** Brief **
Leaving the pictures aside, return the listing exactly as it appears.

** Input material **
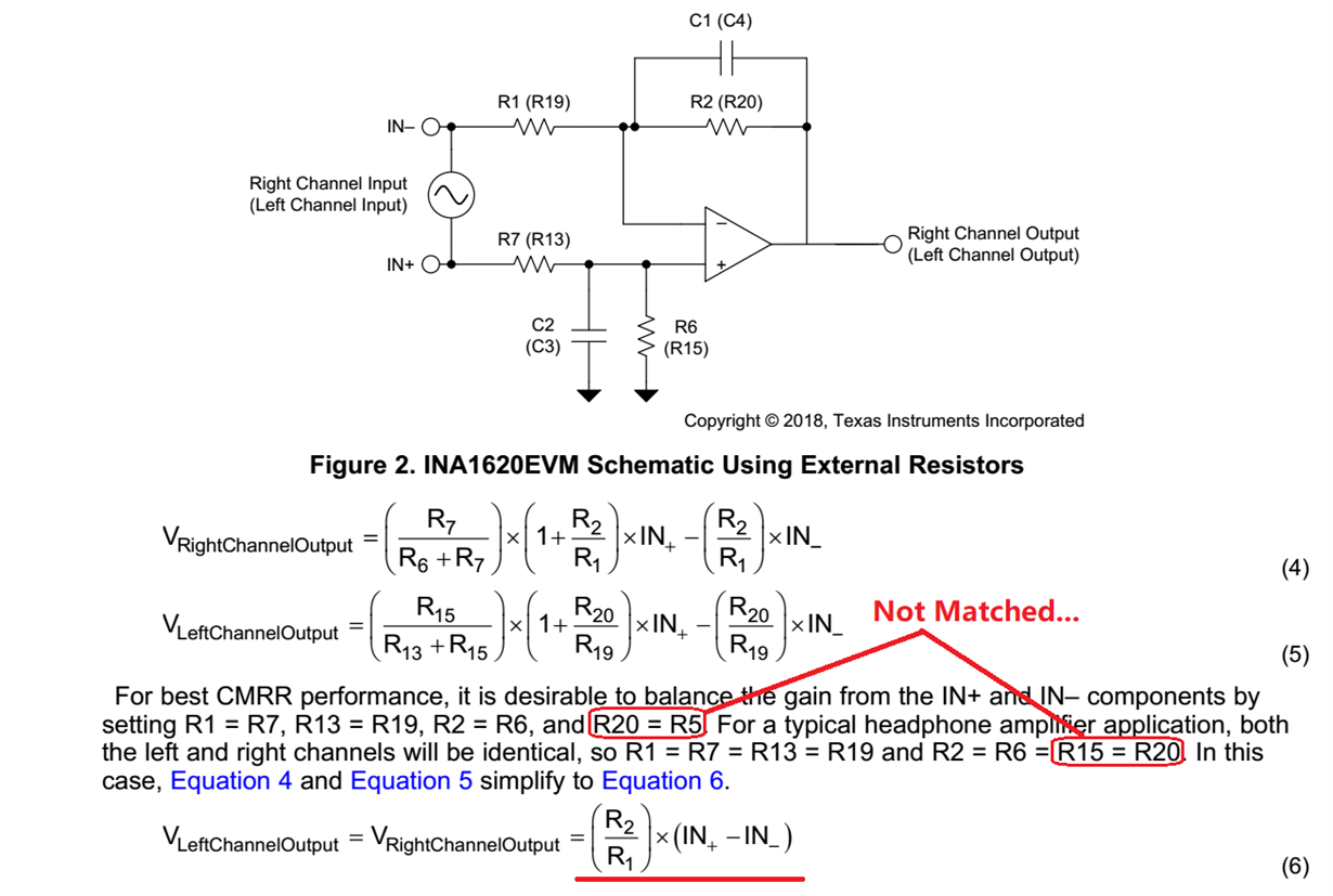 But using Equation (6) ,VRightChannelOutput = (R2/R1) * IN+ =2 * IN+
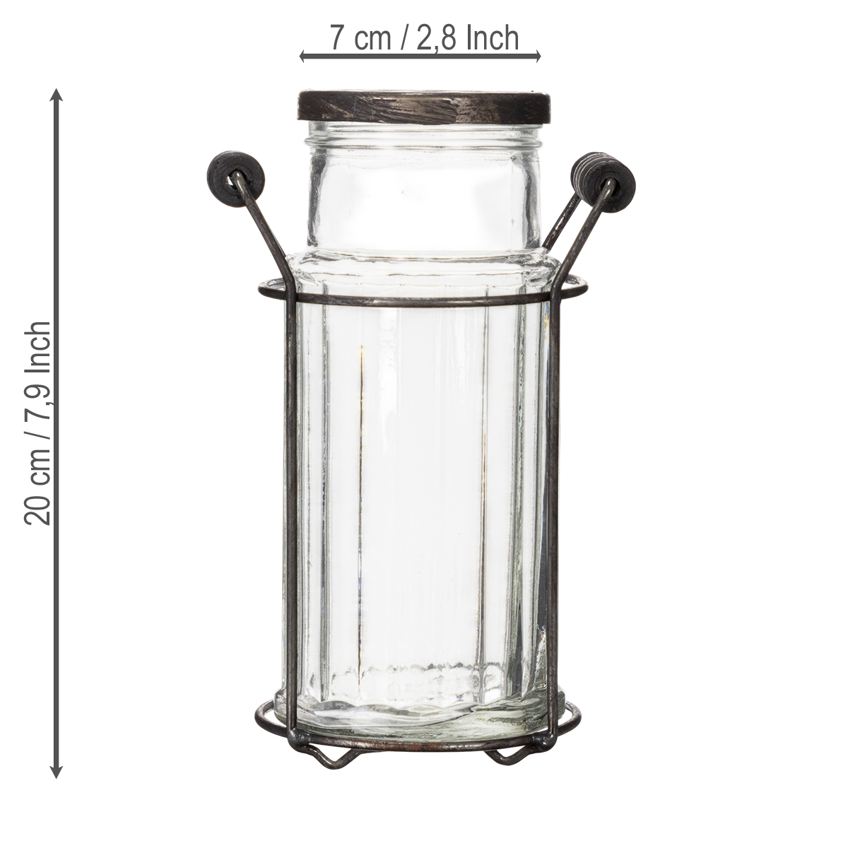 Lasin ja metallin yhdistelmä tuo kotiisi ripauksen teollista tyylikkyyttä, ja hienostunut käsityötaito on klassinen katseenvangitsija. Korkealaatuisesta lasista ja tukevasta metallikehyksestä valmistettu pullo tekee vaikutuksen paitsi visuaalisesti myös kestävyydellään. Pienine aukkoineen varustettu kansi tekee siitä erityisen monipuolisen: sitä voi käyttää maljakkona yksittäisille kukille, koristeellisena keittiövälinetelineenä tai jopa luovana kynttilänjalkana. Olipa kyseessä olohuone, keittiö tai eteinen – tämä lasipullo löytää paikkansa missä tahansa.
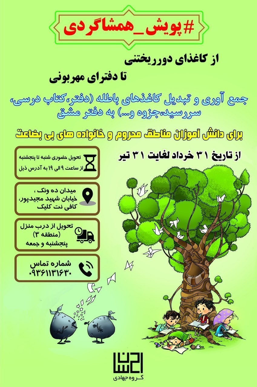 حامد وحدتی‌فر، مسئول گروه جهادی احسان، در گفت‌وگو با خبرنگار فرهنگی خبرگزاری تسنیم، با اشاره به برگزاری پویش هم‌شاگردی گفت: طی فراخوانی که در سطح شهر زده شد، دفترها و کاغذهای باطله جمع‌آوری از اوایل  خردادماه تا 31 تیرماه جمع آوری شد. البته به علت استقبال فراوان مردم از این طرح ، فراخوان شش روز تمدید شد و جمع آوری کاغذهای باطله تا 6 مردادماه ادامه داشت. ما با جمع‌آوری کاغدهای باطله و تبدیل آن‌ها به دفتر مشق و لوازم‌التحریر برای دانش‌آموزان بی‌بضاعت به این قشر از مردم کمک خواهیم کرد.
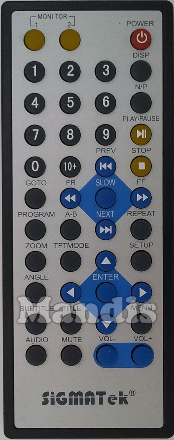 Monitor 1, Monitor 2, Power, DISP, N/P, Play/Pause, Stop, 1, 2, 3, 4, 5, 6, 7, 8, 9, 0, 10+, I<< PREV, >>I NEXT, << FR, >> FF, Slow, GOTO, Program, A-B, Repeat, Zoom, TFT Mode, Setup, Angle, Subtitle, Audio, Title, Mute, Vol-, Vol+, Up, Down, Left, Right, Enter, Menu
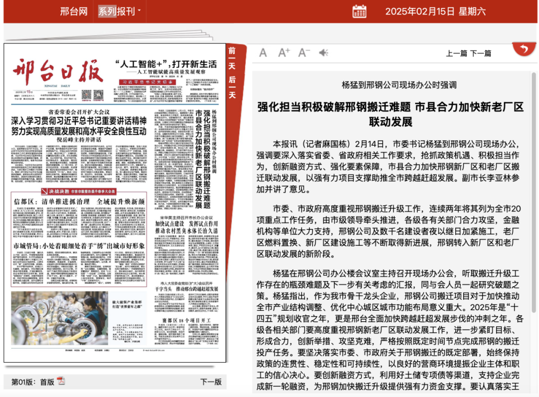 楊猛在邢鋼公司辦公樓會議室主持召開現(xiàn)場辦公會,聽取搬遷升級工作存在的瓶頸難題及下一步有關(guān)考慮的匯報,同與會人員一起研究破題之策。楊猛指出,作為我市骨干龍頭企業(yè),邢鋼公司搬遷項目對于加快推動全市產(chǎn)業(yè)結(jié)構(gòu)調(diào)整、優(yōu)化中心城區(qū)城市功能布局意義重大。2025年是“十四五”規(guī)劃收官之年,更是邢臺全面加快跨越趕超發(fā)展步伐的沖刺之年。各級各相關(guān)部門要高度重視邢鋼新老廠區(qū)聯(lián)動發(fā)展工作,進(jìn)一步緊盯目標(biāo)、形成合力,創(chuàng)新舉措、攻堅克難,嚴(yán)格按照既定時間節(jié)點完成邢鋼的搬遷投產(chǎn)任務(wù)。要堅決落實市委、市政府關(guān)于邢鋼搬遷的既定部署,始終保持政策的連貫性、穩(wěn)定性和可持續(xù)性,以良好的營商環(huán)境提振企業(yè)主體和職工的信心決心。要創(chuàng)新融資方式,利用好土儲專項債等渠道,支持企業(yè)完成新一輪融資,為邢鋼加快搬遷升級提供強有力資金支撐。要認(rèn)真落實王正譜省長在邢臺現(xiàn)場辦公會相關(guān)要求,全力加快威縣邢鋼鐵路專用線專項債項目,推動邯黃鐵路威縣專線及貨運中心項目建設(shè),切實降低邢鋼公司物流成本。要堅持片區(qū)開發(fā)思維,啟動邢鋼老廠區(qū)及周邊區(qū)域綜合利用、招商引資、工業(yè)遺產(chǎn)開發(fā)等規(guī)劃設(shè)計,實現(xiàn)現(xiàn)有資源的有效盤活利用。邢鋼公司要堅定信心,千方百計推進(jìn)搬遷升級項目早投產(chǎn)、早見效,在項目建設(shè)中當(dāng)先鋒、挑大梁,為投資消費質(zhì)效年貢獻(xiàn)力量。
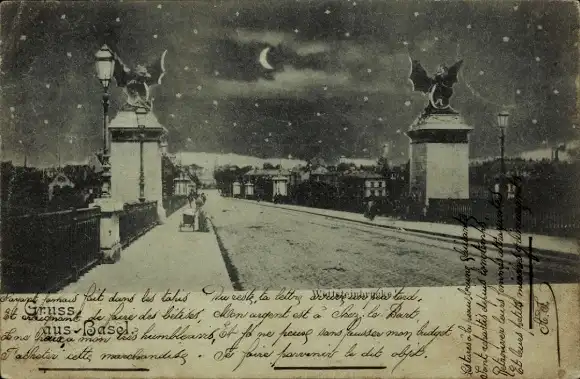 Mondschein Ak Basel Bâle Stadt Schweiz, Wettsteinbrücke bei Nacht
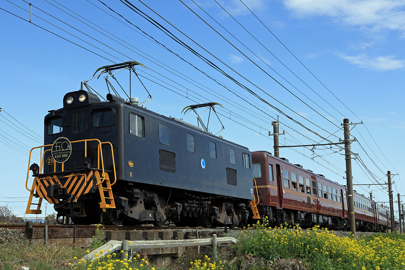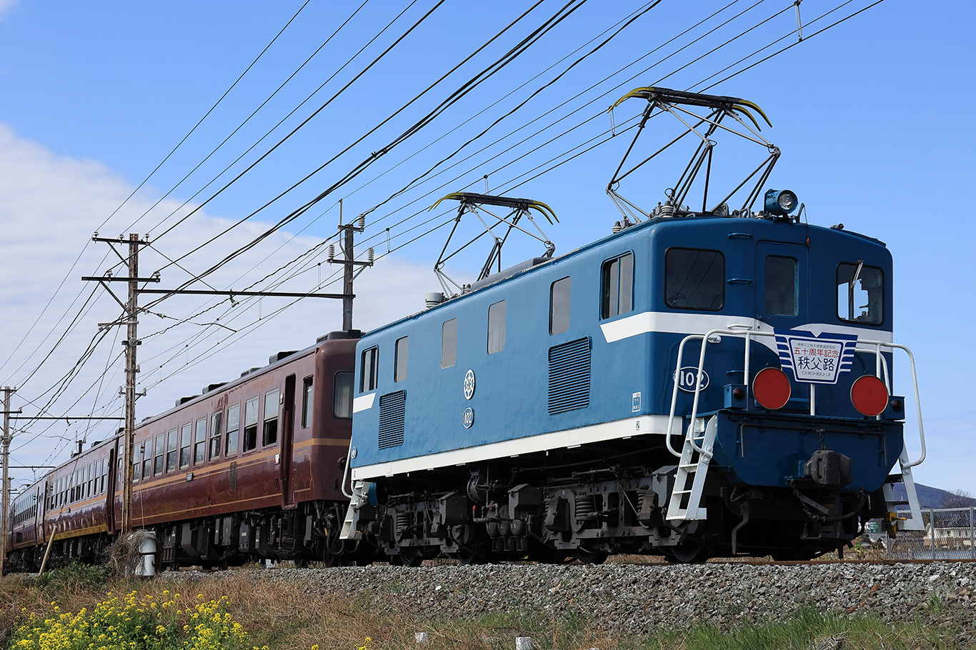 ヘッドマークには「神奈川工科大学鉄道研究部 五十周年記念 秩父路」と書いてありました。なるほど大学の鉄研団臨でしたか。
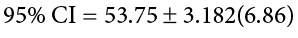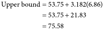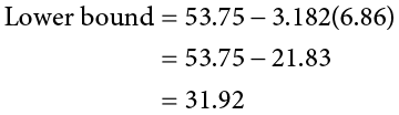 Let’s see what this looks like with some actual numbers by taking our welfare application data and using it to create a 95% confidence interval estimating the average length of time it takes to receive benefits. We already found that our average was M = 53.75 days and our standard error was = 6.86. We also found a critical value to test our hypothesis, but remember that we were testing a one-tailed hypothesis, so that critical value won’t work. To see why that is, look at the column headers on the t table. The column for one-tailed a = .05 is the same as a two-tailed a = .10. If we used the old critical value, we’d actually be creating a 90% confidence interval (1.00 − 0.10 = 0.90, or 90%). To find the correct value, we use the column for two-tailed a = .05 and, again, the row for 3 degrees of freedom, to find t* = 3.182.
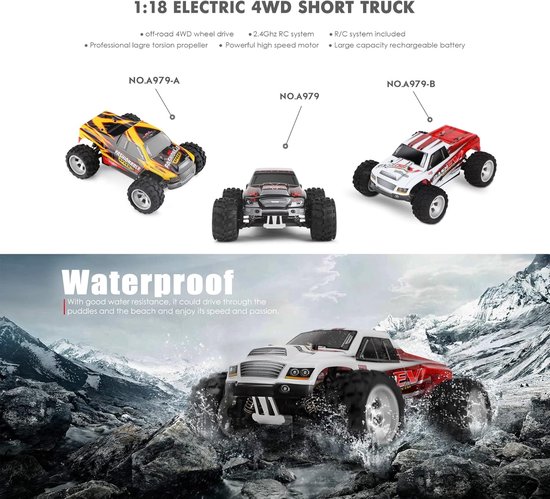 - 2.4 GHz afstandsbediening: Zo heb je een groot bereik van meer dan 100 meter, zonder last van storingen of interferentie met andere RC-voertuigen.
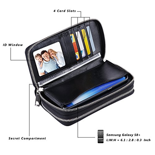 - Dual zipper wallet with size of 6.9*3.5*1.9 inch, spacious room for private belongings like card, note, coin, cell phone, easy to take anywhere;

** Result for this task **
 But using Equation (6) ,VRightChannelOutput = (R2/R1) * IN+ =2 * IN+
 Lasin ja metallin yhdistelmä tuo kotiisi ripauksen teollista tyylikkyyttä, ja hienostunut käsityötaito on klassinen katseenvangitsija. Korkealaatuisesta lasista ja tukevasta metallikehyksestä valmistettu pullo tekee vaikutuksen paitsi visuaalisesti myös kestävyydellään. Pienine aukkoineen varustettu kansi tekee siitä erityisen monipuolisen: sitä voi käyttää maljakkona yksittäisille kukille, koristeellisena keittiövälinetelineenä tai jopa luovana kynttilänjalkana. Olipa kyseessä olohuone, keittiö tai eteinen – tämä lasipullo löytää paikkansa missä tahansa.
 حامد وحدتی‌فر، مسئول گروه جهادی احسان، در گفت‌وگو با خبرنگار فرهنگی خبرگزاری تسنیم، با اشاره به برگزاری پویش هم‌شاگردی گفت: طی فراخوانی که در سطح شهر زده شد، دفترها و کاغذهای باطله جمع‌آوری از اوایل  خردادماه تا 31 تیرماه جمع آوری شد. البته به علت استقبال فراوان مردم از این طرح ، فراخوان شش روز تمدید شد و جمع آوری کاغذهای باطله تا 6 مردادماه ادامه داشت. ما با جمع‌آوری کاغدهای باطله و تبدیل آن‌ها به دفتر مشق و لوازم‌التحریر برای دانش‌آموزان بی‌بضاعت به این قشر از مردم کمک خواهیم کرد.
 Monitor 1, Monitor 2, Power, DISP, N/P, Play/Pause, Stop, 1, 2, 3, 4, 5, 6, 7, 8, 9, 0, 10+, I<< PREV, >>I NEXT, << FR, >> FF, Slow, GOTO, Program, A-B, Repeat, Zoom, TFT Mode, Setup, Angle, Subtitle, Audio, Title, Mute, Vol-, Vol+, Up, Down, Left, Right, Enter, Menu
 楊猛在邢鋼公司辦公樓會議室主持召開現(xiàn)場辦公會,聽取搬遷升級工作存在的瓶頸難題及下一步有關(guān)考慮的匯報,同與會人員一起研究破題之策。楊猛指出,作為我市骨干龍頭企業(yè),邢鋼公司搬遷項目對于加快推動全市產(chǎn)業(yè)結(jié)構(gòu)調(diào)整、優(yōu)化中心城區(qū)城市功能布局意義重大。2025年是“十四五”規(guī)劃收官之年,更是邢臺全面加快跨越趕超發(fā)展步伐的沖刺之年。各級各相關(guān)部門要高度重視邢鋼新老廠區(qū)聯(lián)動發(fā)展工作,進(jìn)一步緊盯目標(biāo)、形成合力,創(chuàng)新舉措、攻堅克難,嚴(yán)格按照既定時間節(jié)點完成邢鋼的搬遷投產(chǎn)任務(wù)。要堅決落實市委、市政府關(guān)于邢鋼搬遷的既定部署,始終保持政策的連貫性、穩(wěn)定性和可持續(xù)性,以良好的營商環(huán)境提振企業(yè)主體和職工的信心決心。要創(chuàng)新融資方式,利用好土儲專項債等渠道,支持企業(yè)完成新一輪融資,為邢鋼加快搬遷升級提供強有力資金支撐。要認(rèn)真落實王正譜省長在邢臺現(xiàn)場辦公會相關(guān)要求,全力加快威縣邢鋼鐵路專用線專項債項目,推動邯黃鐵路威縣專線及貨運中心項目建設(shè),切實降低邢鋼公司物流成本。要堅持片區(qū)開發(fā)思維,啟動邢鋼老廠區(qū)及周邊區(qū)域綜合利用、招商引資、工業(yè)遺產(chǎn)開發(fā)等規(guī)劃設(shè)計,實現(xiàn)現(xiàn)有資源的有效盤活利用。邢鋼公司要堅定信心,千方百計推進(jìn)搬遷升級項目早投產(chǎn)、早見效,在項目建設(shè)中當(dāng)先鋒、挑大梁,為投資消費質(zhì)效年貢獻(xiàn)力量。
 Mondschein Ak Basel Bâle Stadt Schweiz, Wettsteinbrücke bei Nacht
 ヘッドマークには「神奈川工科大学鉄道研究部 五十周年記念 秩父路」と書いてありました。なるほど大学の鉄研団臨でしたか。
 Let’s see what this looks like with some actual numbers by taking our welfare application data and using it to create a 95% confidence interval estimating the average length of time it takes to receive benefits. We already found that our average was M = 53.75 days and our standard error was = 6.86. We also found a critical value to test our hypothesis, but remember that we were testing a one-tailed hypothesis, so that critical value won’t work. To see why that is, look at the column headers on the t table. The column for one-tailed a = .05 is the same as a two-tailed a = .10. If we used the old critical value, we’d actually be creating a 90% confidence interval (1.00 − 0.10 = 0.90, or 90%). To find the correct value, we use the column for two-tailed a = .05 and, again, the row for 3 degrees of freedom, to find t* = 3.182.
 - 2.4 GHz afstandsbediening: Zo heb je een groot bereik van meer dan 100 meter, zonder last van storingen of interferentie met andere RC-voertuigen.
 - Dual zipper wallet with size of 6.9*3.5*1.9 inch, spacious room for private belongings like card, note, coin, cell phone, easy to take anywhere;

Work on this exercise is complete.